Senator Dianne Feinstein, a Democrat from California, honed in on Mueller’s finding that, in the summer of 2017, Trump asked Don McGahn, the White House counsel, to deny a New York Times article that reported that Trump had ordered McGahn to fire the special counsel. “Does existing law prohibit efforts to get a witness to lie?” Feinstein asked. Barr said that it does, and he also conceded that McGahn had come away believing the President ordered him to push Rosenstein to invoke conflict of interest against Mueller. But Barr insisted that there was an important difference between Trump simply ordering McGahn to fire Mueller and asking him to tell Rosenstein to remove him because of alleged conflicts of interest. In the latter case, Barr suggested, another special counsel would be appointed. Feinstein wasn’t buying it. “You still have a situation where a President essentially tries to change the lawyer’s account in order to prevent further criticism of himself,” she said. To which, Barr responded, “Well that’s not a crime.”
In the afternoon session, a number of Democratic Presidential candidates questioned Barr.

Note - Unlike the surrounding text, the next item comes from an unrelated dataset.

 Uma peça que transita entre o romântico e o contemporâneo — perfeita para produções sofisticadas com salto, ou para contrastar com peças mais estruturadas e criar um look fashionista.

Amy Klobuchar, who took Barr through many of the episodes detailed in the Mueller report about Trump possibly obstructing justice, noted that she had learned in law school to “look at the totality of the evidence.” Cory Booker accused Barr of putting his “own credibility into question” and normalizing Trump’s aberrant behavior. Kamala Harris got him to admit that neither he nor Rosenstein had reviewed all of the evidence underlying the Mueller report before they concluded that there wasn’t a case for obstruction-of-justice charges against Trump. Later in the afternoon, Harris and Booker both called on Barr to resign.
There is no chance of that happening. Before the hearing wrapped up, the Attorney General again portrayed Trump as a wronged man. “How did we get to the point here, where the evidence is now that the President was falsely accused of colluding with the Russians, accused of being treasonous, accused of being a Russian agent?” he said to the Republican senator Marsha Blackburn. “Two years of his Administration have been dominated by allegations that have now been proven false. To listen to some of the rhetoric, you would think that the Mueller report had found the opposite.”

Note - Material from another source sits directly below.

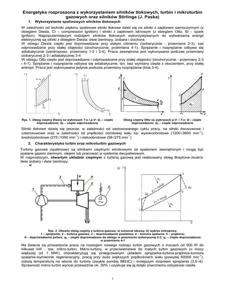 Energetyka rozproszona z wykorzystaniem silników tłokowych, turbin i mikroturbin gazowych oraz silników Stirlinga (J. Paska) 1. Wykorzystanie spalinowych silników tłokowych W zależności od techniki zapłonu spalinowe silniki tłokowe dzieli się na silniki z zapłonem samoczynnym (z obiegiem Diesla, CI – compression ignition) i silniki z zapłonem iskrowym (z obiegiem Otto, SI – spark ignition). Najpopularniejszym rodzajem silników tłokowych wykorzystywanych do wytwarzania energii elektrycznej są silniki z obiegiem Diesla: dwie izentropy, izobara i izochora. W obiegu Diesla ciepło jest doprowadzane przy stałym ciśnieniu (izobarycznie - przemiana 2-3), zaś odprowadzane przy stałej objętości (izochorycznie, przemiana 4-1). Sprężanie i rozprężanie odbywa się adiabatycznie (izentropowo, przemiany 1-2 i 3-4). Praca zewnętrzna jest wykonywana podczas przemiany izobarycznej 2-3 i adiabatycznej 3-4 W obiegu Otto ciepło jest doprowadzane i odprowadzane przy stałej objętości (izochorycznie - przemiany 2-3 i 4-1). Sprężanie i rozprężanie odbywa się adiabatycznie, tzn. bez wymiany ciepła z otoczeniem, przy stałej entropii. Praca jest wykonywana jedynie podczas przemiany rozprężania (linia 3-4). Rys. 1. Obieg cieplny Diesla na wykresach T-s i p-V: Q1 – ciepło doprowadzone; Q2 – ciepło odprowadzone Obieg cieplny Otto na wykresach p-V i T-s: Q – ciepło doprowadzone; Qo – ciepło odprowadzone Silniki tłokowe dzielą się jeszcze, w zależności od zastosowanego cyklu pracy, na silniki dwusuwowe i -1 czterosuwowe oraz w zależności od prędkości obrotowej wału na: wysokoobrotowe (1200÷3600 min ), -1 -1 średnioobrotowe (275÷1000 min ) i niskoobrotowe (58÷275 min ). 2. Charakterystyka turbin oraz mikroturbin gazowych Turbiny gazowe (spalinowe) są silnikami cieplnymi wirnikowymi ze spalaniem zewnętrznym i mogą być opalane gazem ziemnym, olejem lub pracować w systemie dwupaliwowym. W najprostszym, otwartym układzie cieplnym z turbiną gazową jest realizowany obieg Braytona-Joule'a: dwie izobary i dwie izentropy. a) Rys. 2. Otwarty obieg cieplny z turbiną gazową: a) schemat ideowy; b) wykres entropowy: 1 – sprężarka; 2 – turbina gazowa; 3 – doprowadzenie powietrza; 4 – komora spalania; 5 – prądnica; 6 – doprowadzenie paliwa; qd – ciepło doprowadzone do obiegu w przemianie izobarycznej 2-3; qo – ciepło doprowadzone w przemianie 4-1 Na świecie są prowadzone prace na rozwojem nowego rodzaju turbin gazowych o mocach od 500 W do kilkuset kW - tzw. mikro-turbin. Mikro-turbiny, w przeciwieństwie do małych turbin gazowych (o mocy większej od 1 MW), charakteryzują się zintegrowanym układem sprężarka-turbina-prądnica-komora -1 spalania-wymiennik regeneracyjny, pracą przy dużo większych prędkościach wału (powyżej 60000 min ), niższą temperaturą na wlocie do turbiny (zwykle poniżej 985°C) i mniejszym stopniem sprężania (3,5÷4). Sprawność mikro-turbin wynosi przeważnie ok. 30% i uzyskuje się ją dzięki znacznemu odzyskowi ciepła. 1 Energetyka rozproszona z wykorzystaniem silników tłokowych, turbin i mikroturbin gazowych oraz silników Stirlinga (J. Paska) Rys. 3. Zespół prądotwórczy z mikro-turbiną gazową: a) schemat ideowy, b) realizacja; 1 – zasysanie i sprężanie powietrza, 2 – podgrzewanie powietrza w wymienniku regeneracyjnym, 3 – spalanie gazu, 4 – rozprężanie spalin w mikroturbinie, 5 – oddawanie ciepła przez spaliny w wymienniku regeneracyjnym, 6 – wylot (wydmuch) spalin 3. Silniki Stirlinga Alternatywnym rozwiązaniem dla silników tłokowych ze spalaniem wewnętrznym jest silnik tłokowy ze spalaniem zewnętrznym, w którym energia jest dostarczana do czynnika roboczego ze źródła zewnętrznego (niekoniecznie z komory spalania, może to być np. skoncentrowane promieniowanie słoneczne). Takim rozwiązaniem jest silnik Stirlinga, opatentowany w 1816 roku przez duchownego szkockiego, Roberta Stirlinga. Silnik Stirlinga ma dwa tłoki w tym samym cylindrze – jeden po „gorącej” stronie, drugi po stronie „zimnej”, rozdzielone przez „krótkookresowy” magazyn ciepła zwany regeneratorem. Inaczej niż w silniku ze spalaniem wewnętrznym gaz, którym może być po prostu powietrze, ale częściej jest to azot, hel lub wodór, jest na stałe zawarty w cylindrze. Magazynem może być „sito” ceramiczne z innego porowatego materiału o odpowiedniej masie, zapewniające odpowiedni gradient temperatury między jego jedną a drugą stroną. Porowatość materiału ma zapewnić możliwość przepływu gazu w obu kierunkach. Gaz przepływając przez regenerator pobiera lub oddaje ciepło, zależnie od kierunku przepływu. Przestrzeń po jednej (lewej) stronie regeneratora jest ogrzewana przez zewnętrzne źródło ciepła (komora spalania, skoncentrowane promienie słoneczne), zaś przestrzeń po drugiej (prawej) stronie regeneratora jest chłodzona (przez radiatory lub aktywnie, co może być też wykorzystane w kogeneracji). Jest to zatem maszyna cieplna pracująca między dwoma źródłami ciepła – górnym (gorącym) i dolnym (zimnym – chłodnicą). Oczywiste jest więc, że jego sprawność jest ograniczona przez sprawność cyklu Carnota. Cykl realizowany w silniku Stirlinga (cykl Stirlinga) składa się z 4 stanów i 4 przejść między nimi (rys. 4): Stan 1 – gaz zimny (w zasadzie cały gaz jest zimny - pomijalna objętość znajduje się w porach regeneratora), maksymalna objętość, minimalne ciśnienie. Przejście 1-2 – tłok gorący pozostaje nieruchomy, podczas gdy tłok zimny przesuwa się w lewo sprężając gaz. Gaz przekazuje ciepło do chłodnicy. Idealny proces jest procesem izotermicznym, temperatura gazu pozostaje stała TC. Stan 2 – sprężony gaz przekazuje ciepło do chłodnicy, minimalna objętość. 2 Energetyka rozproszona z wykorzystaniem silników tłokowych, turbin i mikroturbin gazowych oraz silników Stirlinga (J. Paska) Rys

Barr was due back on Capitol Hill, on Thursday morning, to testify to the Democrat-controlled House Judiciary Committee, which has confirmed that it wants him to answer questions from staff lawyers. Barr had previously objected to that format, and, on Wednesday evening, the Justice Department informed the Committee that he isn’t going to show up. With its Democratic members already preparing to issue a subpoena to obtain an unredacted version of the Mueller report, the story won’t end here.